I am in charge of customer support, such as running selenium with macros or Python at an IT company. I participated in the AI development contest "Neural Network Console Challenge" that I happened to find, so I will post it.

What is "Neural Network Console Challenge"?

https://nnc-challenge.com/

"Neural Network Console (NNC)", a GUI tool that Sony Network Communications Co., Ltd. can develop AI without programming, By providing 10,000 points of person image data that Pixta Inc. cannot normally handle, it seems that it has become an AI development challenge that is friendly to beginners.

Theme decision

In this challenge, each person decides the theme of image classification and learns at NNC. Submitting the learning results along with the process.

While looking over the images, there seemed to be many images of people, so first I extracted the face. Cut out a large number of faces from a PIXTA image with an OpenCV classifier.

Image preprocessing? For, I referred to the following article. Thanks to the posters who are easy to understand even for beginners.

Create AI to identify Zuckerberg's face by deep learning Momokuro member face recognition by TensorFlow

Face extraction

# -*- coding:utf-8 -*-

import cv2
import numpy as np

from PIL import Image

#Folder for saving images
input_data_path = './pixta_images/'
#Directory to save the cropped image
save_path = './cutted_face_images/'
#OpenCV default classifier path
cascade_path = './opencv/data/haarcascades/haarcascade_frontalface_default.xml'
faceCascade = cv2.CascadeClassifier(cascade_path)

#Number of successful face detections
face_detect_count = 0

#When a face is detected from the collected image data, cut it out and save it.
types = ['*.jpg']
paths = []
for t in types:
    paths.extend(glob.glob(os.path.join(input_data_path, t)))
for p in paths:
    img = cv2.imread(p, cv2.IMREAD_COLOR)
    gray = cv2.cvtColor(img, cv2.COLOR_BGR2GRAY)
    face = faceCascade.detectMultiScale(gray, 1.1, 3)
    
    if len(face) > 0:
        for rect in face:
            x = rect[0]
            y = rect[1]
            w = rect[2]
            h = rect[3]
            cv2.imwrite(save_path + 'cutted_face' + str(face_detect_count) + '.jpg', img[y:y+h, x:x+w])
            face_detect_count = face_detect_count + 1

About 2500 faces were detected from 1500 images. The detected faces include shadows and polka dots that look like faces, and are manually deleted. I deleted about 1000 sheets and left 1500 faces.

スクリーンショット 2020-03-31 21.16.58.png Data for learning: PIXTA

The theme example from the management office was to classify by emotions such as happy / sad / embarrassed, but when I look at the face photo, I just smile. Therefore, I decided to classify smiles into several types.

Creating a dataset

In order to make it uploadable to NNC, we will sort 1500 faces according to the degree of smile.

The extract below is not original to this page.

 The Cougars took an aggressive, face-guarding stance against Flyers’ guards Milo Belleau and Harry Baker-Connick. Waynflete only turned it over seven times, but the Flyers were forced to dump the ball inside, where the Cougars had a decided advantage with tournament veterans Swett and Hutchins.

First of all, I classified them into two categories, laughing and not laughing, and put them in folders. In addition, prepare a csv that defines the file name and label and upload it to NNC.

As a learning model, I made the following based on the explanation video about NNC distributed by SONY on YouTube. スクリーンショット 2020-03-31 0.44.44.png

The learning result is ...

スクリーンショット 2020-03-31 0.47.23.png

Well, there were variations in the number of image data for each label, so I wonder if this is the case. I'm not sure, but the two categories aren't interesting, so I'll increase the categories next.

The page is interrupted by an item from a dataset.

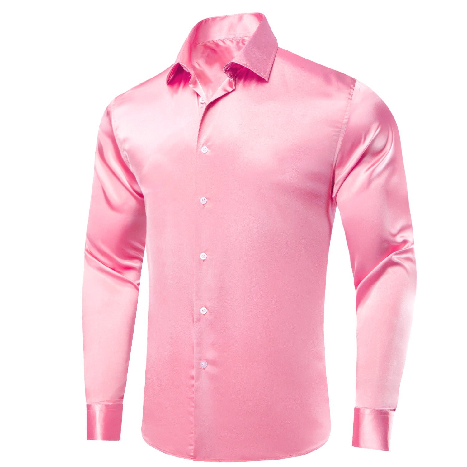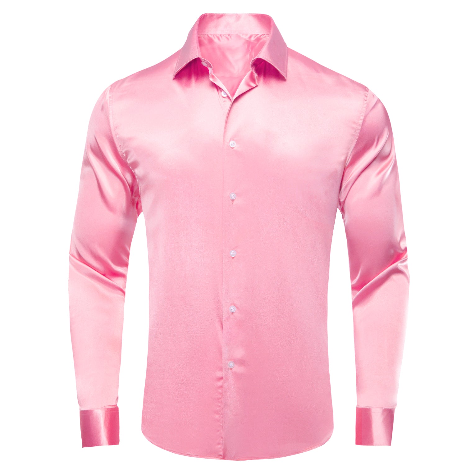 Watermelon Pink Solid Satin Silk Men Long Sleeve Dress Shirt

--Ahaha (voice is coming out) --Nico Nico (smile of the whole face) --Smile (smiley mouth or eyes) --Fufufu (smile) --Seriously

We also perform additional face extraction, prepare about 200 sheets each, and upload them separately as learning data and test data.

スクリーンショット 2020-03-31 0.57.04.png

It's a wonderfully ugly result. If you include the ones that are off by one side, it fits somehow. The cause may be that I couldn't define it myself in the first place while I was sorting. When I look at the extracted smiles all the time, I don't understand what it is, lol

I reduced the classification by one and recreated the data with four.

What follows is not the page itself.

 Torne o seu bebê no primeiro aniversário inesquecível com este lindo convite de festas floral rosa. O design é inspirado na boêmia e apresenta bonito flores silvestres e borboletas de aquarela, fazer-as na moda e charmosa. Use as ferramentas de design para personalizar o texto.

--Ahaha (voice is coming out) --Nico Nico (open mouth) --Fufufu (closed mouth) --Seriously

It has improved a lot since a while ago. However, it did not reach 70%. スクリーンショット 2020-03-31 1.02.02.png

After that, referring to the following video tower, I tried Image Augmentation, cutout, Dropout, etc. to prevent overfitting, but the accuracy did not improve easily.

Due to the deadline, it seems that the time is up with the following results after all, reducing the middle class.

スクリーンショット 2020-03-31 1.08.50.png スクリーンショット 2020-03-31 1.09.02.png

スクリーンショット 2020-03-31 21.08.59.png Data for learning: PIXTA

I wasn't quite satisfied with the result, which was about 75%, but if I have time, I would like to try again with images I prepared myself. I enjoyed working on it without any knowledge!